Rather than allowing inexpensive mass production of fake identities, security systems should force attackers into costly, individualized efforts requiring physical interaction and substantially greater resources.

By introducing multiple hardware-dependent verification requirements, Pulse attempts to transform fraud from a scalable automated activity into a far more labor-intensive process.

In theory, increasing the operational cost for attackers reduces the profitability of large-scale fraud campaigns.

Implications for Financial Institutions

Financial institutions continue investing heavily in fraud detection technologies as digital banking adoption accelerates.

Banks, credit unions, fintech companies, mortgage lenders, and payment providers increasingly recognize that traditional verification methods alone may not adequately address emerging AI-driven fraud techniques.

Identity verification systems capable of confirming real-world human presence may become increasingly important as criminals adopt generative AI tools capable of creating convincing synthetic identities, fake documentation, and manipulated biometric content.

While no single security solution can eliminate fraud entirely, layered verification approaches that combine hardware authentication, biometrics, secure identity documents, behavioral analysis, and continuous risk monitoring may provide stronger protection against increasingly sophisticated attacks.

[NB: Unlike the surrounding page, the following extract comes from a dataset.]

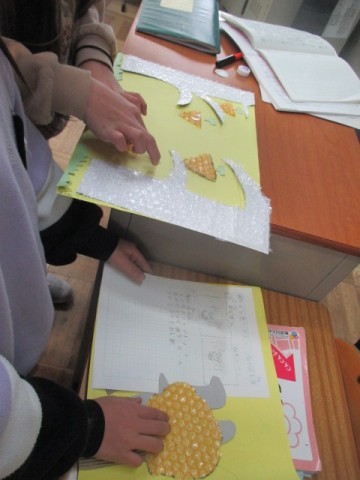 3年 学習の様子2 公開日 2026/02/25 更新日 2026/02/25 3年生 2月25日(水)2組の国語では,お気に入りの場所を教えますという単元の学習に取り組んでいました。図工は「切りとり 紙はんが」に取り組んでいます。今日は「版」を作っています。 +5

The Pulse Bond Challenge reflects broader industry discussions regarding how identity verification must evolve alongside advances in artificial intelligence.

As financial fraud continues becoming more technologically sophisticated, the balance between user convenience and security will remain a central challenge for financial institutions worldwide.

Kenshiki Labs believes the future of identity verification will depend less on evaluating historical records and more on proving that a genuine individual is present during every critical transaction.

Through the $12,500 Pulse Bond Challenge, the company seeks not only to test its own technology but also to stimulate industry-wide conversations about strengthening digital identity infrastructure against modern fraud threats.

Whether the challenge ultimately withstands every attempted attack or reveals opportunities for further improvement, it represents an example of how cybersecurity companies are increasingly embracing public testing to validate security claims.

As artificial intelligence continues reshaping both cyber defense and cybercrime, initiatives like the Pulse Bond Challenge underscore the growing importance of innovative identity verification technologies capable of helping financial institutions protect customers, reduce fraud losses, and strengthen trust in the digital financial ecosystem.